I can't say I recall Oct. 26, 1967. I was 2 when John McCain was shot down and captured by the North Vietnamese. But I've seen the chilling footage. I've heard his band of brothers attest to his bravery. I've listened to him humbly describe the acts of humanity he witnessed during his years in prison. Most impressive, I've watched him build a life of service to his country, without bitterness or recrimination.
McCain is no ordinary hero, and these are no ordinary times.
America's ability to maintain a thriving economy and a strong defense hinges on electing a president willing to make the tough calls. McCain's career has been defined by independent leadership. His relentless attacks on pork-barrel spending haven't won him popularity contests in the Senate cloakroom, but he can sleep at night knowing that he made the right choices for America.
True to his conservative values, McCain understands that fiscal restraint requires setting priorities and sticking to them. We have urgent national challenges - wars on multiple fronts, skyrocketing debt, unfunded entitlements - and yet, Congress still finds the time and the dollars for pet projects that deflect resources from our true national interests. McCain is the only candidate with the experience and conviction to level with Americans and force Congress to do the right thing.
He's also the only Republican who can win. American voters evaluate candidates with two criteria: first, on their issue positions. Does she or he believe what I believe? Education policy is my top concern. As one of McCain's advisers on the issue, I've discussed the challenges of providing an excellent education to every child. He is willing to do what it takes to get us there.
At the same time, it's rare for a voter and a candidate to agree on absolutely everything. Case in point: McCain and I disagree on the issue of abortion, but we maintain a mutual respect. Millions of Americans feel the same way.
That's why the second criterion is more of a gut check. Americans are aspirational people. We seek leadership. We crave integrity. Today's voter is in search of a president who can elevate politics above self interest and petty partisanship.

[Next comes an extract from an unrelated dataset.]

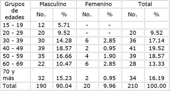 El mayor porcentaje de pacientes estudiados estaban comprendidos en las edades medias y avanzadas de la vida; La edad promedio de los pacientes estudiados fue de 50 años y un rango entre los 15 y 85 años, similares resultados encontraron otros autores 8,9,10, lo que corrobora que el accidente perforativo aparece en los periodos en que el ser humano despliega una mayor actividad productiva y desempeña importantes funciones en el desarrollo social, momentos en que el estrés está presente y los procesos ulcerosos tienen un largo periodo de evolución que unido a otras condicionantes favorecen el estadio de su perforación.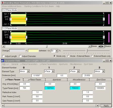 可以通過“Parameter Field”窗口中“Type-Param”對話框的參數(shù)來改變端面透鏡的曲率。也可以這樣改變元件的參數(shù):單擊“Parameter Field”窗口中的任意對話框,然后拖動(dòng)“Standing Wave Resonator”窗口下方的滑動(dòng)條,就可以相應(yīng)改變這個(gè)對話框中的數(shù)據(jù)。這種方法在使用手冊和快速入門中都有描述。

McCain's approach to the troop surge in Iraq is a perfect example. Critics assailed the plan as Quixotic at best and ill conceived at worst, but McCain believed it would work. His standing in the polls plummeted. He refused to change his position. "I'd rather lose an election than a war," he said - spoken like someone who has been on the battlefield. That's leadership. That's presidential.
The defining moment of my time as governor was Sept. 11, 2001. I recall with clarity and horror the experience of that day. My understanding of what it means to lead changed forever, and I have a much deeper awareness of the challenges associated with keeping an open society safe. It takes more than excellent management skills and inspirational rhetoric. Certainly, a president needs to muster both.

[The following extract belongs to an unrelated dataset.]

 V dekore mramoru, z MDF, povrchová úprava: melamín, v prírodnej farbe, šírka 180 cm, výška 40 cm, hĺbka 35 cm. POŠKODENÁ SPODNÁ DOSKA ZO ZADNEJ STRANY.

It takes the ability to see the larger picture. Combating terrorism depends on a strong military and excellent intelligence. No candidate has better judgment when it comes to how and when to deploy force than John McCain. It depends on strong allies. No candidate has more experience on the international stage, and no candidate is more respected by our friends and feared by our foes. And it depends on a keen understanding of the geopolitical forces that limit our ability to operate in our best interests - from poor border security to environmental meltdown to dependence on foreign oil. No candidate knows these issues better than McCain.
This election offers the rare opportunity to choose the right man for the right moment. Let's take it and be proud we did.
Jane Swift served as acting governor of Massachusetts from 2001 to 2003.